“The Widow,” by Fiona Barton
The crime fiction market these days is being flooded, astonished and forever changed by first-time novelists. When reading these days largely means looking at pictures or is meted out like washing instructions in segments of 140 characters or confined on tiny backlit screens, publishers are risking their survival by choosing between Scylla and Charybdis to introduce new authors with outsized novels and often in pricey clothbound covers.
Soldiering on into the fate of what seemed nearly certain extinction a decade ago, publishers and indy bookstores are in the midst of recovering from a signed death certificate and showing health and growth and affecting great embarrassment to the economists who arrogantly performed gravesite benedictions and have unabashedly moved on to interpret political polling to the same effect.
Leading the pack this month in what’s sure to be a race to the top of the charts is “The Widow,” the debut novel by award-wining veteran British journalist Fiona Barton. Attracting a number of prerelease comparisons to “Gone Girl” and “Girl on the Train” – both discovered and reviewed in Murder Ink – “The Widow” indeed has that claustrophobic, inevitable doom evinced on every page by the now familiar unreliable narrator.

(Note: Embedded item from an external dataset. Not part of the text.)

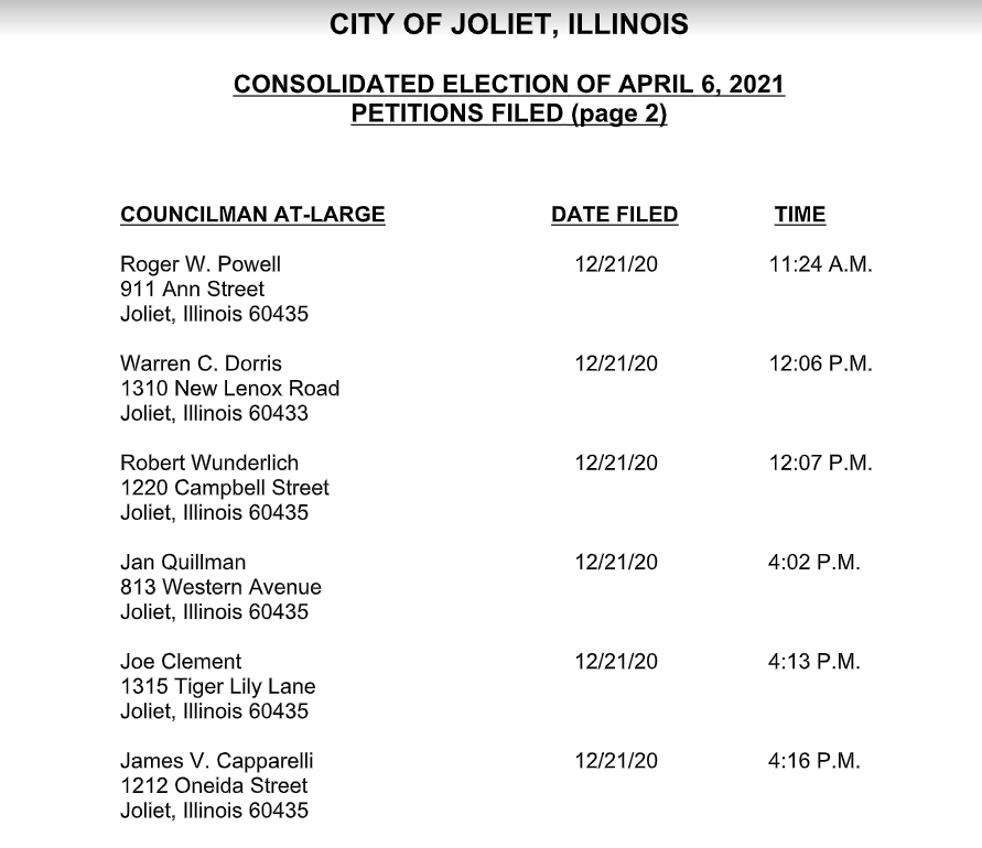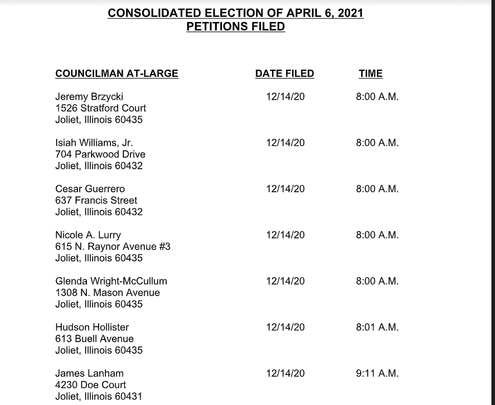 Monday afternoon marked the deadline to file candidate petitions for Joliet City Council. Here's who turned them in.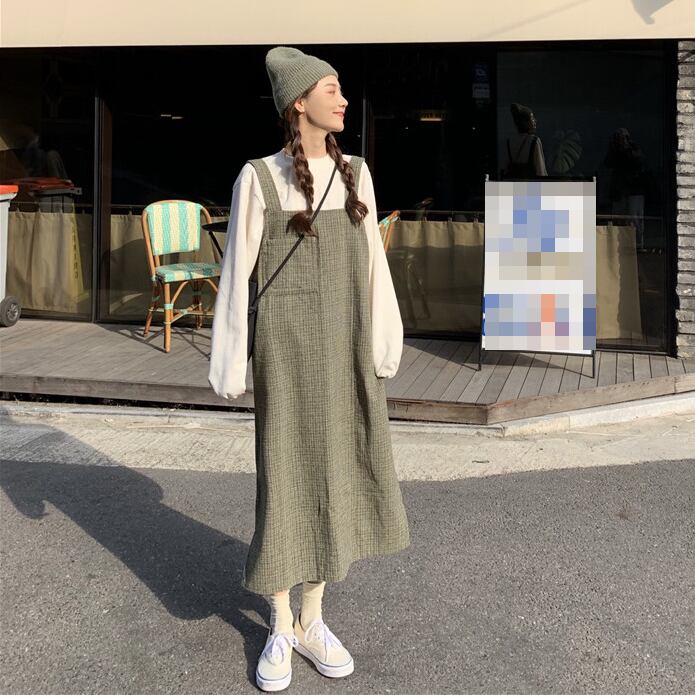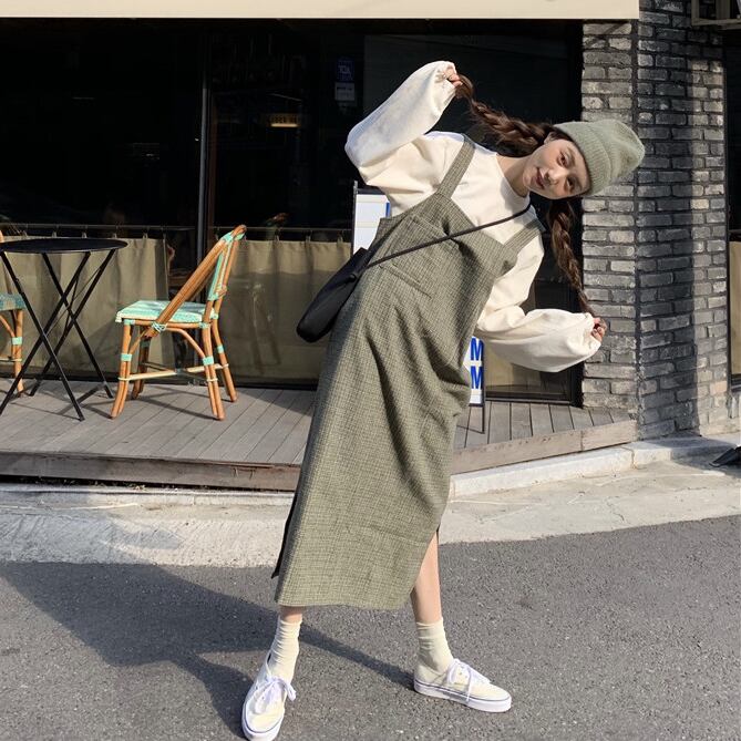 ジャンパースカート ワンピース サロペットスカート ゆったり サイドスリット ビッグシルエット 大人カジュアル 無地 シンプル デイリー 体型カバー ロング丈 お買い物 韓国ファッション 春秋 OL

The widow, Jean Taylor, is the pathetically dutiful wife of a domineering misanthrope who we come to suspect is a psychopath after (maybe) being seen near the disappearance of 2-year-old Bella Elliott from her front yard in a suburb of London. A good deal of disconnected and circumstantial evidence points to Glen Taylor as the kidnapper, but Detective Inspector Bob Sparkes can’t quite make it stick even though he forces a square peg into a round hole and arrests his one suspect only to be given a disciplinary leave of absence when a judge humiliates him with a dismissal of charges.
“The Widow” is a story told by four characters: Detective Inspector Sparkes, an honorable and dedicated detective; Kate Waters, manipulative reporter for the London Post; Dawn Elliott, tenacious mother of Bella; and Jean Taylor, suspect Glen Taylor’s wife. The plot cleverly weaves between these actors and from the date of the crime in 2006 and the enormous, ongoing police investigation and press coverage with sensational newspaper sales culminating in 2010 when Glen is struck and killed by a transit bus as he and Jean are walking down a city street.
The book opens with Glen’s death, so we know right away that there will never be a conviction even if convincing evidence can be found. But the press continues to stoke the pyre to inflame a febrile populous, and our attention intuitively turns to Jean. Jean, we learn from the start, wants a child that Glen has deprived her of, and collects photos of children, including Bella, and keeps scrapbooks hidden behind the water tank in the bathroom.
Tension builds as Jean is hectored by Kate and dozens of reporters and cameramen and headlines and newscasts. Who took Bella? Where is Bella? Bella’s mother, Dawn, has driven a steady, frenzied campaign for four years nonstop, with volunteers and donations and fiery condemnation of police procedure. And Jean, unflappable throughout, finally gives up the interview she’s cached away, leaving the hysterical crowd coughing in its own dust as she walks under Glen’s shadow into the lurid focus of infamy.
This is a good book that can hold a place alongside “Gone Girl” and “Girl on the Train” if its rather flaccid ending is overlooked, and I’m happy and I think you’ll be willing to forgive a lazy eye on this stunning face.
And with this review comes the end of Murder Ink in the Durango Herald. Thanks for your loyal audience; it’s been a great treat to receive your emails and book club invitations and impromptu conversations.